(Beginning of Supplied material)

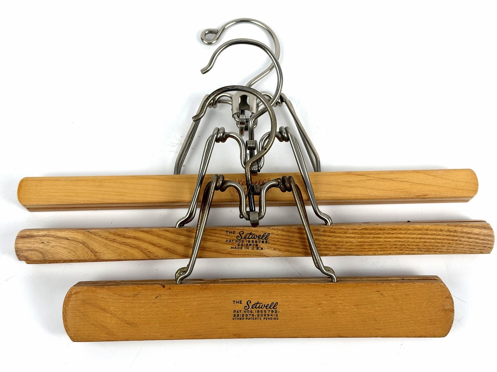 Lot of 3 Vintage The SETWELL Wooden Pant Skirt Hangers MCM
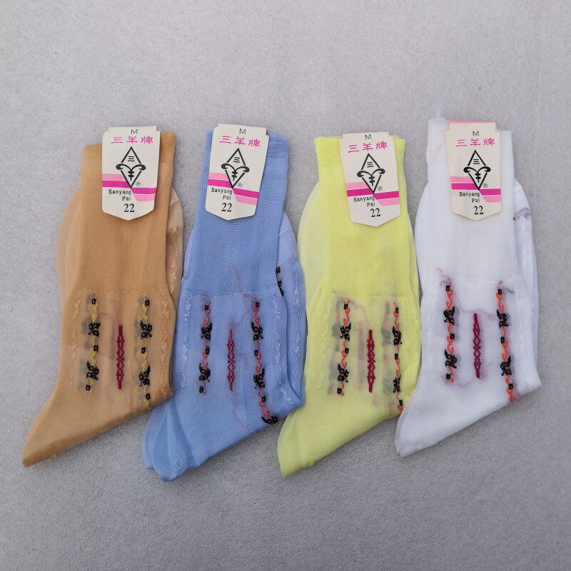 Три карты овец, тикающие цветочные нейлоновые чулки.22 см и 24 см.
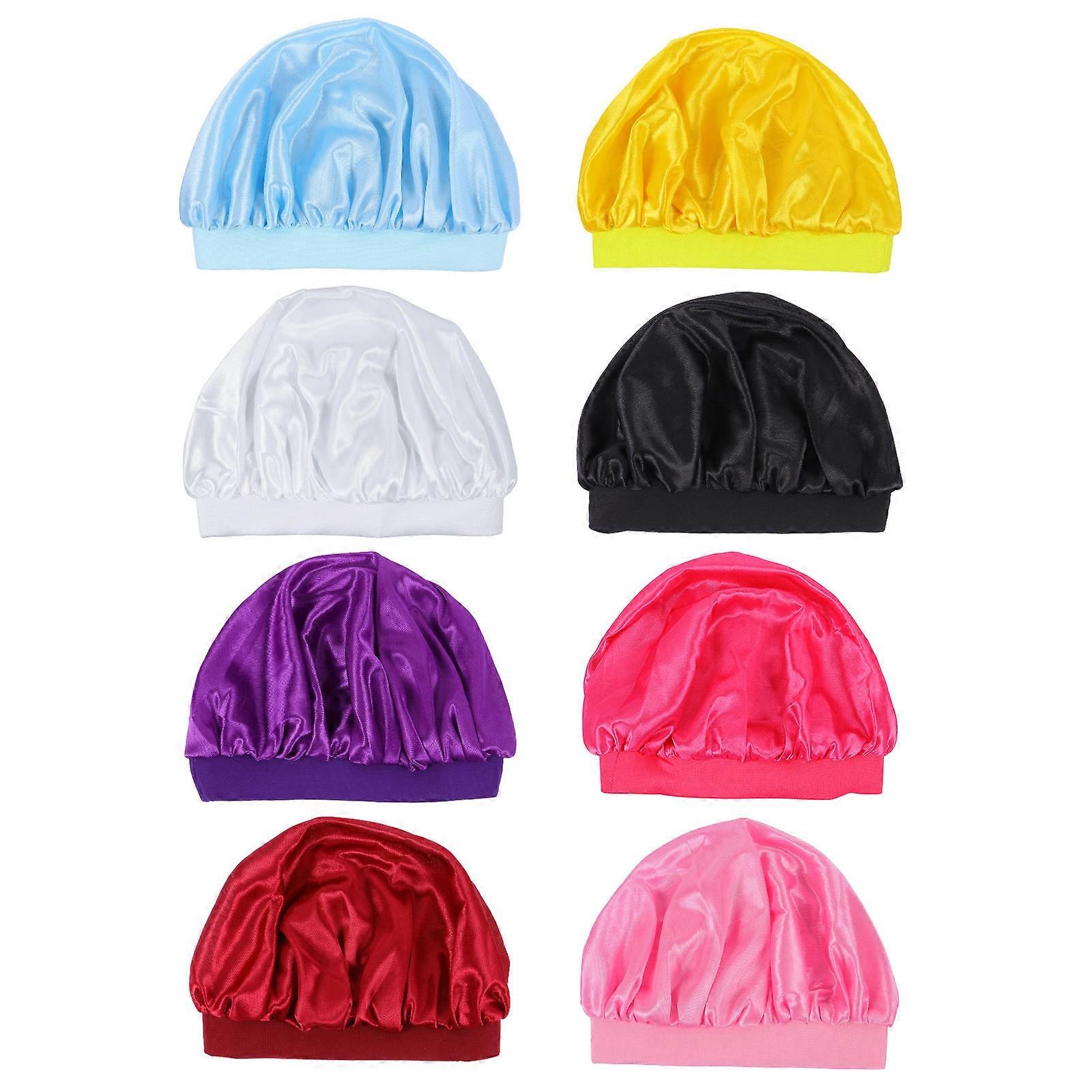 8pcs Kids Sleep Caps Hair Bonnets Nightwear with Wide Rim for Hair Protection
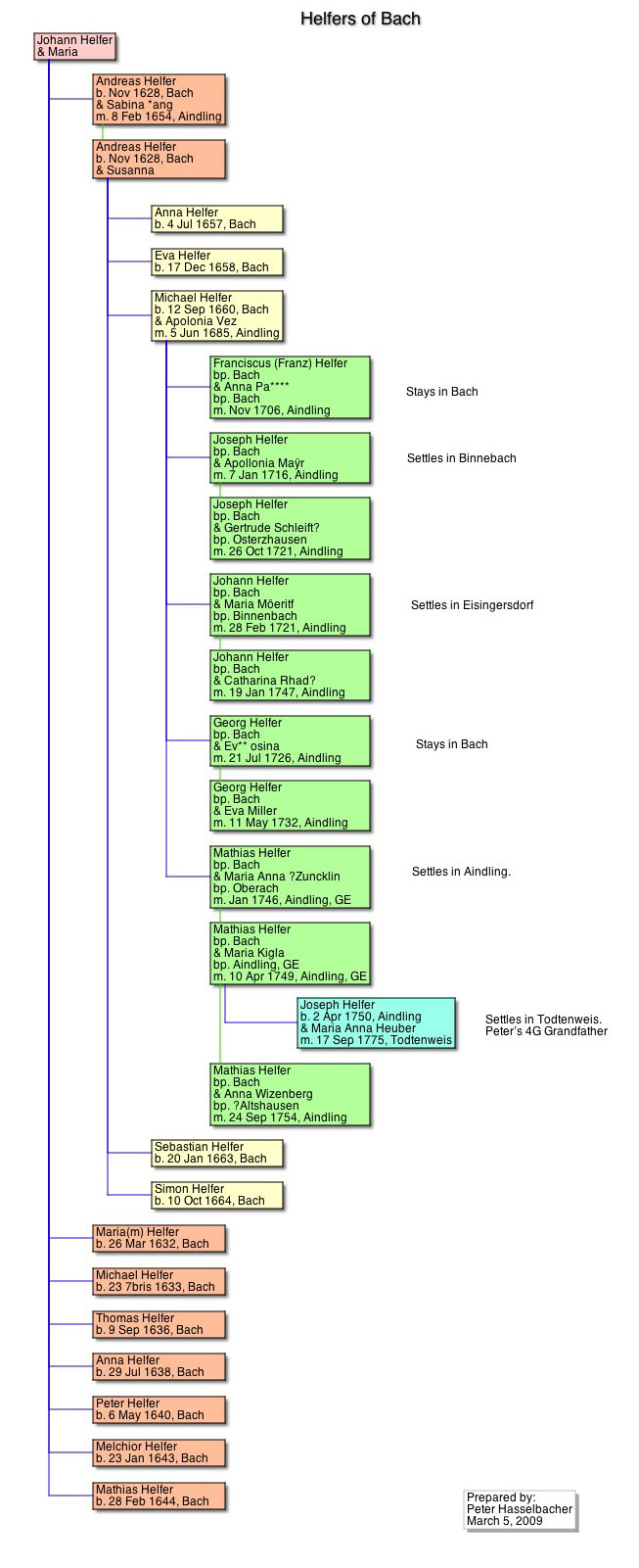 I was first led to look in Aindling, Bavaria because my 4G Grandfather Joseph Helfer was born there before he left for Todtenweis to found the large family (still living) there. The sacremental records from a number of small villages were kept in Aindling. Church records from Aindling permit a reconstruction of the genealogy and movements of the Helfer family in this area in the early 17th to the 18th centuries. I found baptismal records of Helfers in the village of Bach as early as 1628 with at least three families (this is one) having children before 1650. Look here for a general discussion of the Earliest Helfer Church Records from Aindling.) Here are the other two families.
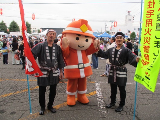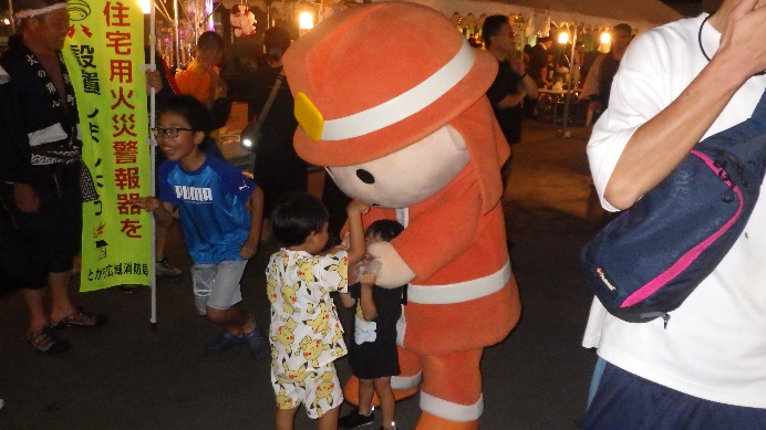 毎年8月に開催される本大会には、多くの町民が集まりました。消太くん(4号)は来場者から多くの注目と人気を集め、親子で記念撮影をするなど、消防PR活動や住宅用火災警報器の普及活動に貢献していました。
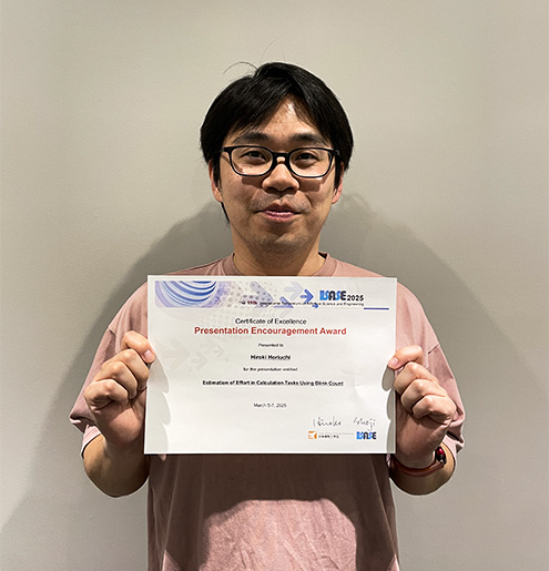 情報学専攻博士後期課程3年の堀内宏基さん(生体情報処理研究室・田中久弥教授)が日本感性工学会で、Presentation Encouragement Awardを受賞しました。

(End of Supplied material)

Task requirements: Without the pictures, give again exactly the lines above starting at the line containing "8pcs Kids Sleep" and ending at the line containing "I was first".

Result:
 8pcs Kids Sleep Caps Hair Bonnets Nightwear with Wide Rim for Hair Protection
 I was first led to look in Aindling, Bavaria because my 4G Grandfather Joseph Helfer was born there before he left for Todtenweis to found the large family (still living) there. The sacremental records from a number of small villages were kept in Aindling. Church records from Aindling permit a reconstruction of the genealogy and movements of the Helfer family in this area in the early 17th to the 18th centuries. I found baptismal records of Helfers in the village of Bach as early as 1628 with at least three families (this is one) having children before 1650. Look here for a general discussion of the Earliest Helfer Church Records from Aindling.) Here are the other two families.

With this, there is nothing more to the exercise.